=== Stored data ===
====

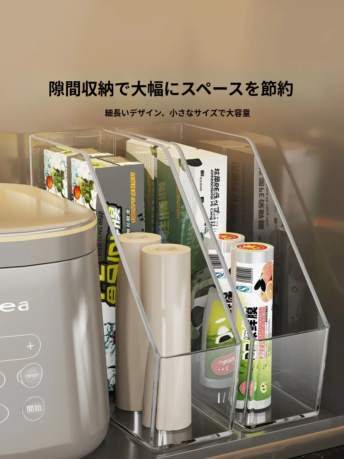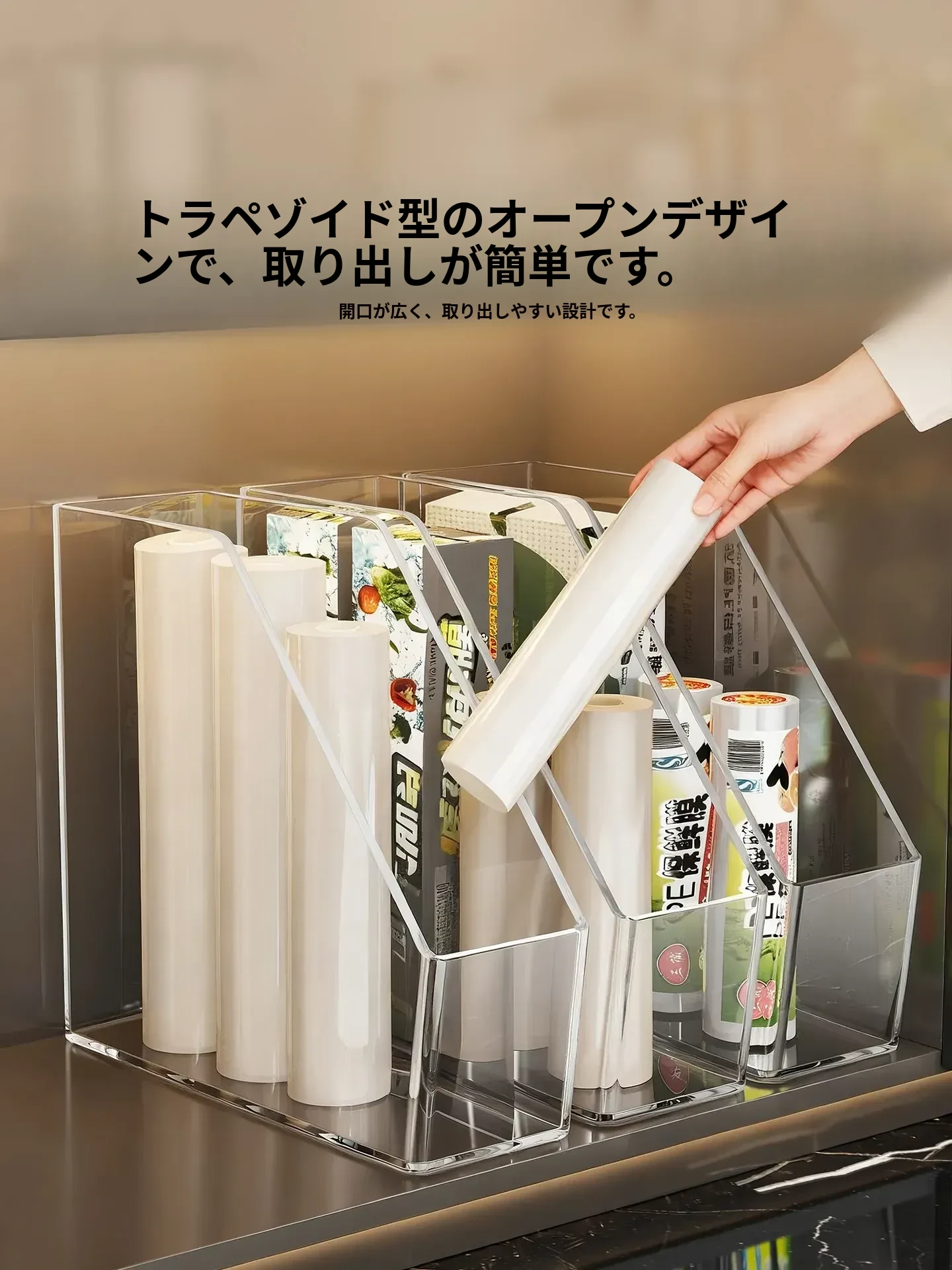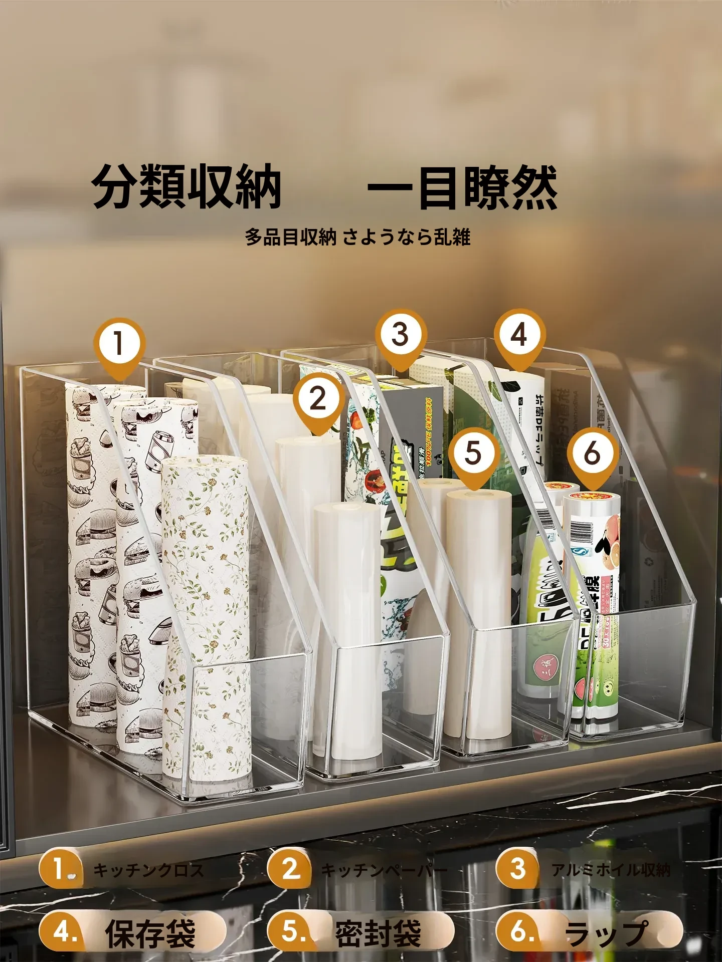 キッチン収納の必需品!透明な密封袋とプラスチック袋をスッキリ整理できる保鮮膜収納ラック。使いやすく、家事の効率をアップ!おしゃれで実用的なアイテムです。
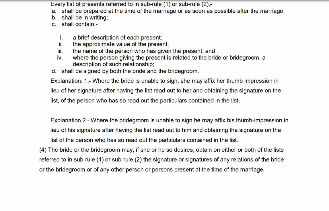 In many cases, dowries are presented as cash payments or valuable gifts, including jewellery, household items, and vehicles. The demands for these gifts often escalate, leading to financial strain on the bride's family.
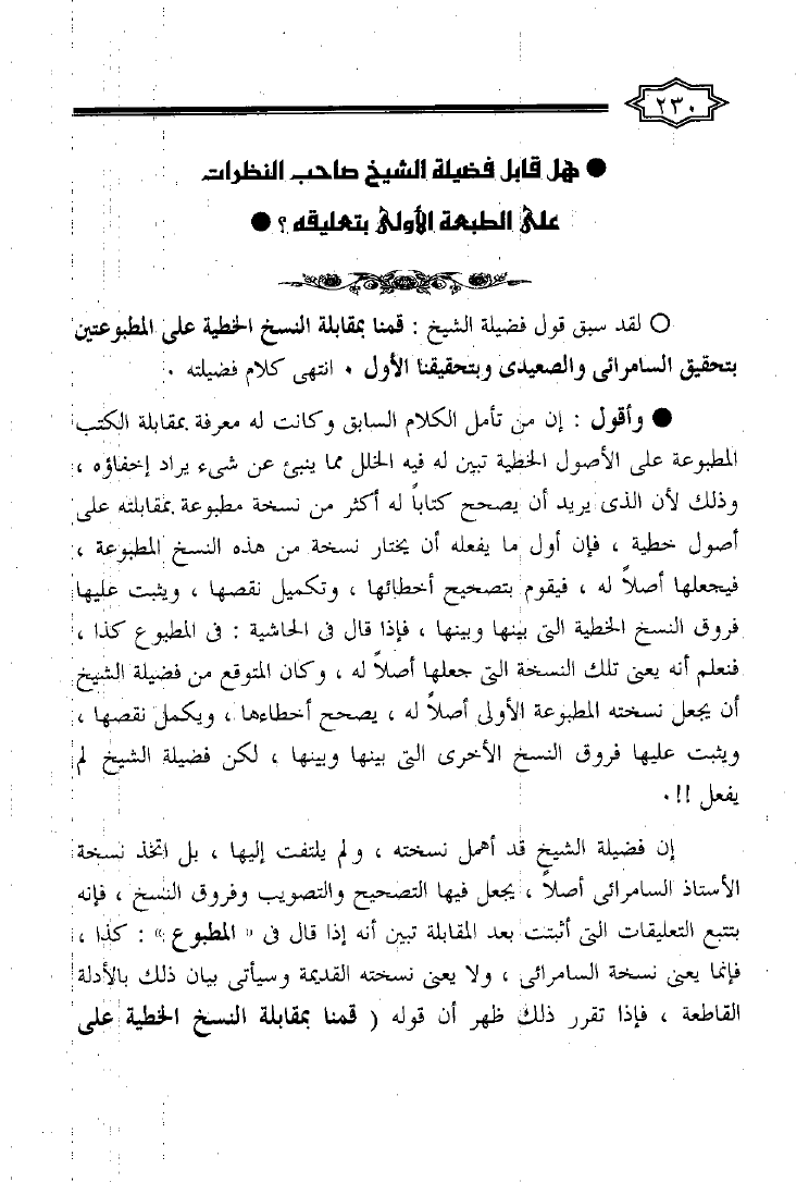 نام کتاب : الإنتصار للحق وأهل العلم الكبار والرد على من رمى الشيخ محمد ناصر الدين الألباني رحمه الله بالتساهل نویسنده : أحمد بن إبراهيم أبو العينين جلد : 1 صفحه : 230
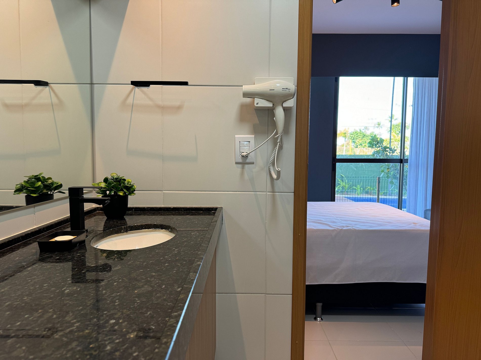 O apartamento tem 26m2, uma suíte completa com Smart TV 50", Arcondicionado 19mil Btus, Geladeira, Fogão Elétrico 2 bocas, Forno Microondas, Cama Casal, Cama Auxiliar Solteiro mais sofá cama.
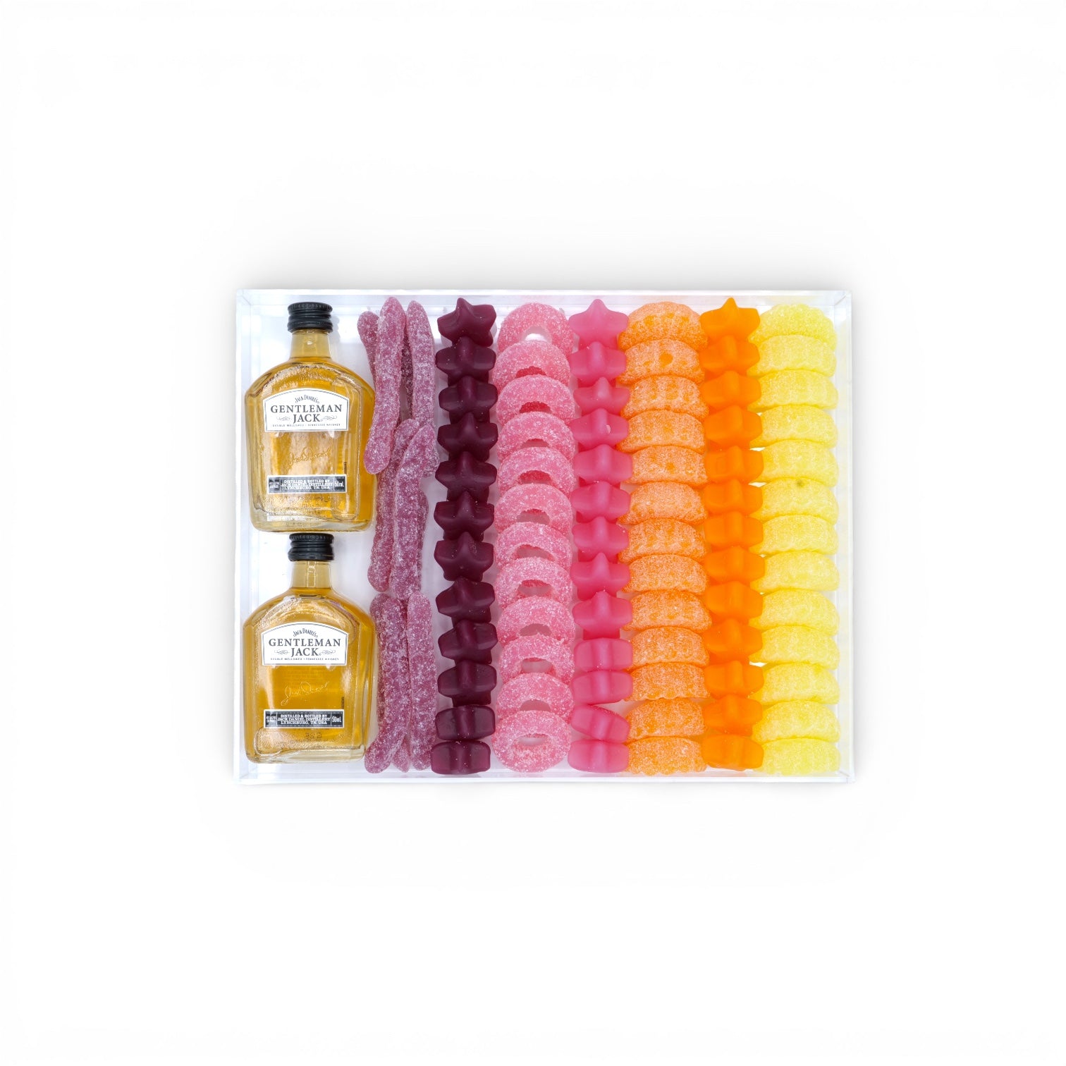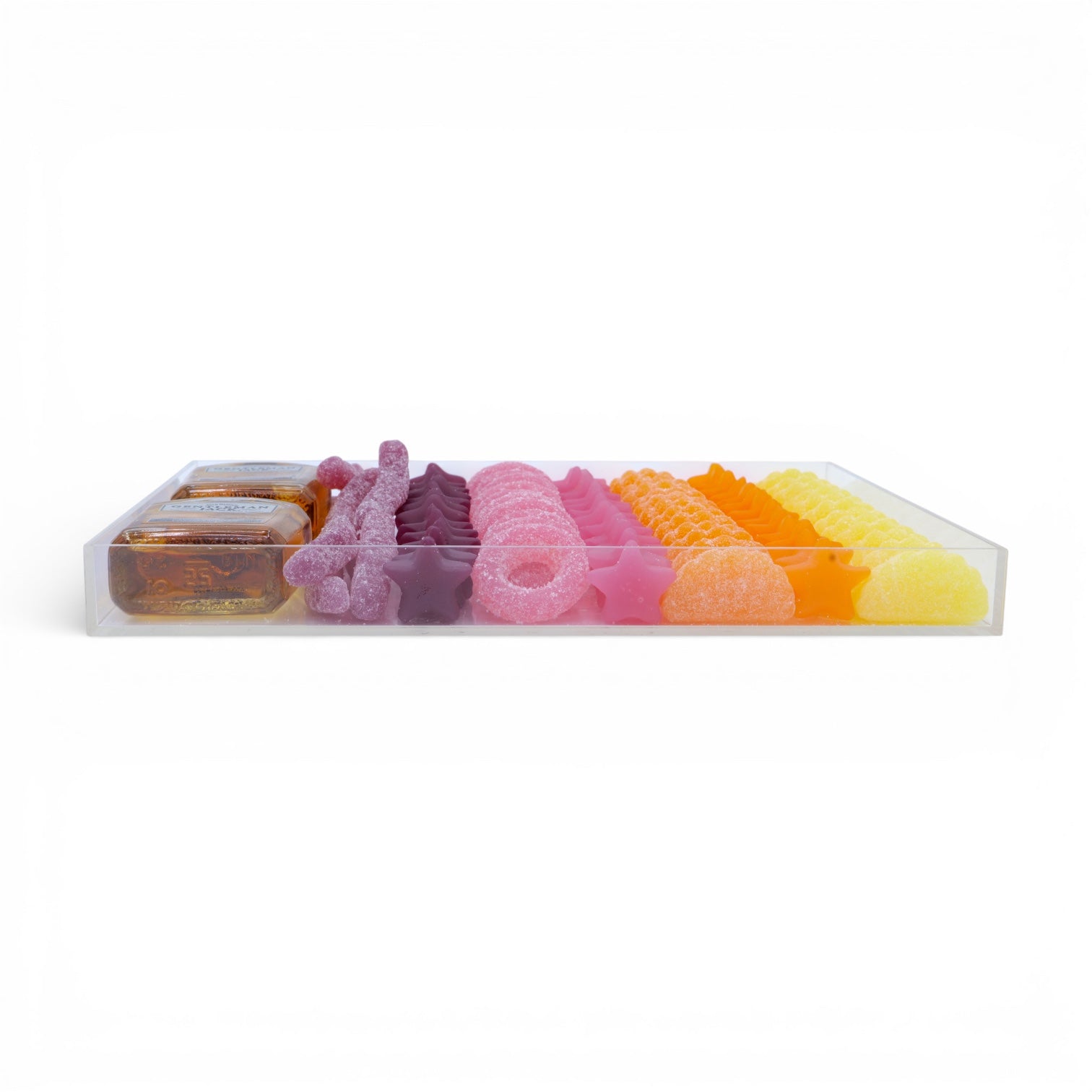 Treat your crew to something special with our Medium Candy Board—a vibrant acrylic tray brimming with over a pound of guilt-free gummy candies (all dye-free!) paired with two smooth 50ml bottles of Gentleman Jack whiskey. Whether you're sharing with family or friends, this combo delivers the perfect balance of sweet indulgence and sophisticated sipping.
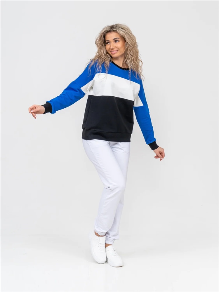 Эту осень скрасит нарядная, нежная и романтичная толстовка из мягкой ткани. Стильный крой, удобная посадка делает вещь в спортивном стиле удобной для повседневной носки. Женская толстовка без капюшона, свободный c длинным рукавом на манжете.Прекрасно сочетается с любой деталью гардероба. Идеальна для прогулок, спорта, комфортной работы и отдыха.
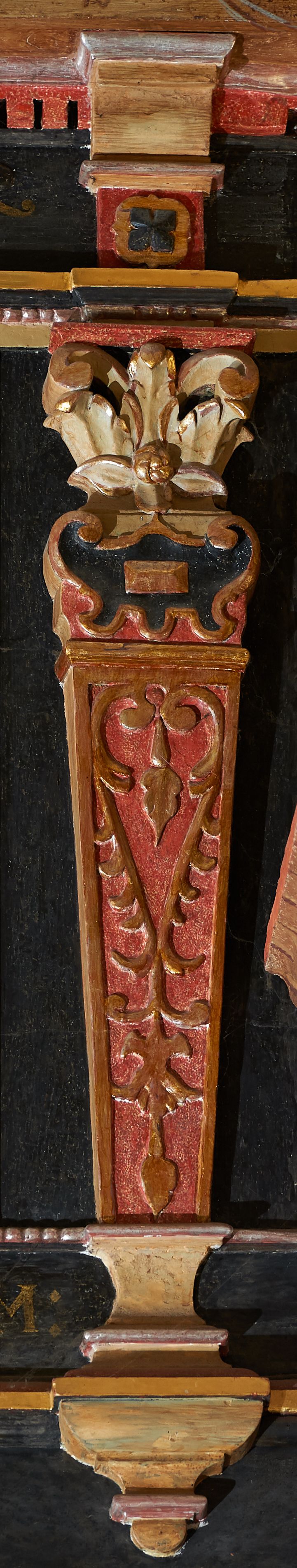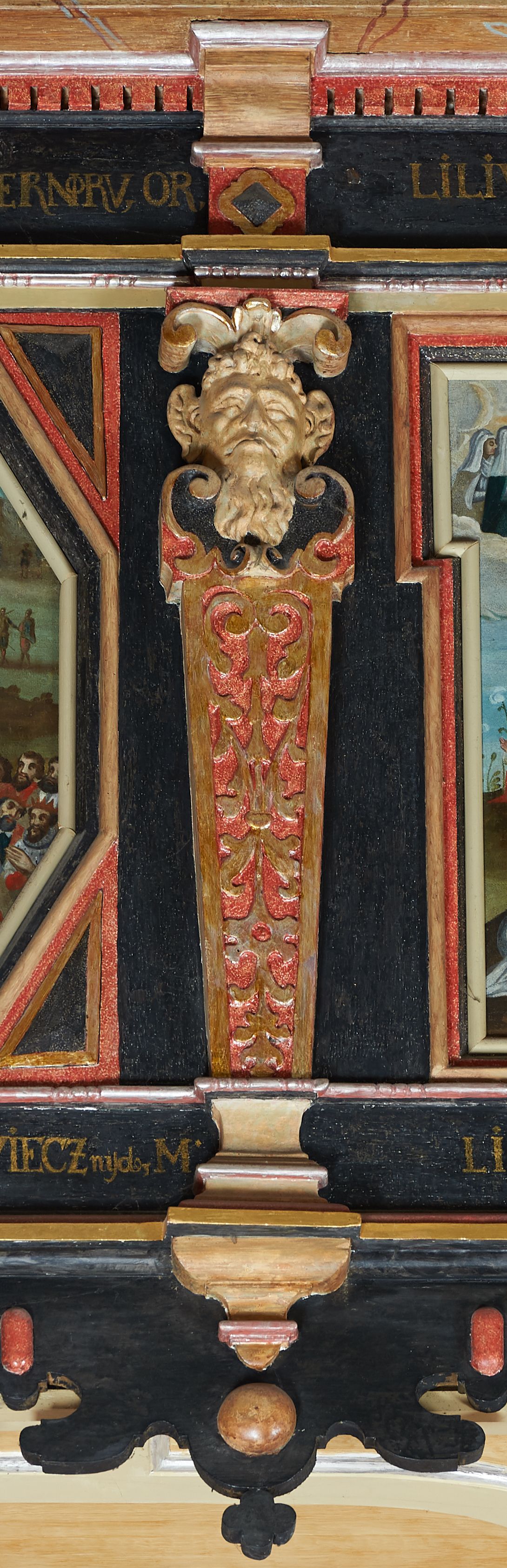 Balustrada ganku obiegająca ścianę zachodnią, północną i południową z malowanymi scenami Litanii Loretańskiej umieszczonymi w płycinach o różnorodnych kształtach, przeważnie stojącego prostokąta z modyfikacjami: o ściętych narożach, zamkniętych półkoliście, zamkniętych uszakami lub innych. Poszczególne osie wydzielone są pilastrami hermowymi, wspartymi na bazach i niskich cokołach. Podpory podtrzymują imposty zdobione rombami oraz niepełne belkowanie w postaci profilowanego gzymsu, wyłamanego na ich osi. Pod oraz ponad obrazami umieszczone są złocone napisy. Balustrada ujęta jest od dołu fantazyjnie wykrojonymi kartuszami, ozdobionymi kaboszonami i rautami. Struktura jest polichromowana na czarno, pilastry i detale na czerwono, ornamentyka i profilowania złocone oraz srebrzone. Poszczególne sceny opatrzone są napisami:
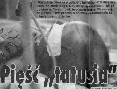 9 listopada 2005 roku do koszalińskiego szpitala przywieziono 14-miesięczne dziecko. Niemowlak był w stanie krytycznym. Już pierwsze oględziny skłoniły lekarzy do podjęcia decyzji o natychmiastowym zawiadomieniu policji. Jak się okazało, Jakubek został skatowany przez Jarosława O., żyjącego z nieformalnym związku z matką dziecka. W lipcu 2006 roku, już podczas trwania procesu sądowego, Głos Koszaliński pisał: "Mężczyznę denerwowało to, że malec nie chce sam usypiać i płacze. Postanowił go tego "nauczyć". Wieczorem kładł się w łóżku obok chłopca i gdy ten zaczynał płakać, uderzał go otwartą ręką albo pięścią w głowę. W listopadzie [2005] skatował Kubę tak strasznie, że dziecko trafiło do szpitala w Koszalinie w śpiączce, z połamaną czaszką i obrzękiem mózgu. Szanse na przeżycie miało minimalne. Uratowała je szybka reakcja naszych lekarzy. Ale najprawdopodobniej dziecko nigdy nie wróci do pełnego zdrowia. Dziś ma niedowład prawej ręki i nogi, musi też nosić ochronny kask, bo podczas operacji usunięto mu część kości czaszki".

====

=== Activity ===
Would you set down only the lines above from the line with "نام کتاب : الإنتصار" to the line with "Эту осень скрасит", both included, exactly as they stand and without the pictures?

=== Result below ===
 نام کتاب : الإنتصار للحق وأهل العلم الكبار والرد على من رمى الشيخ محمد ناصر الدين الألباني رحمه الله بالتساهل نویسنده : أحمد بن إبراهيم أبو العينين جلد : 1 صفحه : 230
 O apartamento tem 26m2, uma suíte completa com Smart TV 50", Arcondicionado 19mil Btus, Geladeira, Fogão Elétrico 2 bocas, Forno Microondas, Cama Casal, Cama Auxiliar Solteiro mais sofá cama.
 Treat your crew to something special with our Medium Candy Board—a vibrant acrylic tray brimming with over a pound of guilt-free gummy candies (all dye-free!) paired with two smooth 50ml bottles of Gentleman Jack whiskey. Whether you're sharing with family or friends, this combo delivers the perfect balance of sweet indulgence and sophisticated sipping.
 Эту осень скрасит нарядная, нежная и романтичная толстовка из мягкой ткани. Стильный крой, удобная посадка делает вещь в спортивном стиле удобной для повседневной носки. Женская толстовка без капюшона, свободный c длинным рукавом на манжете.Прекрасно сочетается с любой деталью гардероба. Идеальна для прогулок, спорта, комфортной работы и отдыха.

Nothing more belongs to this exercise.